- **WORK REQUEST**:
Set every line of the data down again exactly, and keep the pictures out.

- **COLLECTED MATERIAL**:
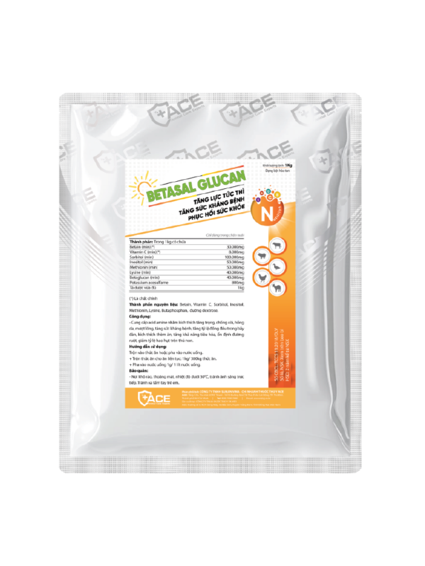 Nguyên liệu: Betain, Vitamin C, Sorbitol, Inositol, Methionine, Lysine, Beta-glucan, Đường Dextrose.
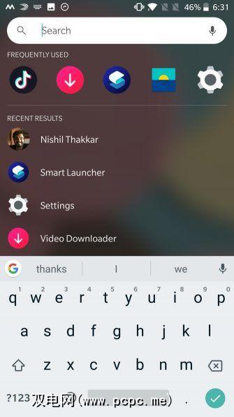 一旦安装了Evie,您只需在主屏幕上向下滑动即可开始输入。 Evie将立即显示应用程序,联系人,文件以及以后的Web搜索结果的相关结果。
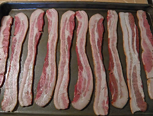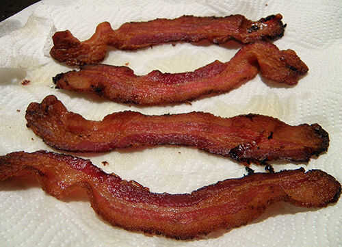 Cuando esté fría, tiras de tocino cortado en 1½ pulgadas.

- **REPLY TO THE TASK**:
 Nguyên liệu: Betain, Vitamin C, Sorbitol, Inositol, Methionine, Lysine, Beta-glucan, Đường Dextrose.
 一旦安装了Evie,您只需在主屏幕上向下滑动即可开始输入。 Evie将立即显示应用程序,联系人,文件以及以后的Web搜索结果的相关结果。
 Cuando esté fría, tiras de tocino cortado en 1½ pulgadas.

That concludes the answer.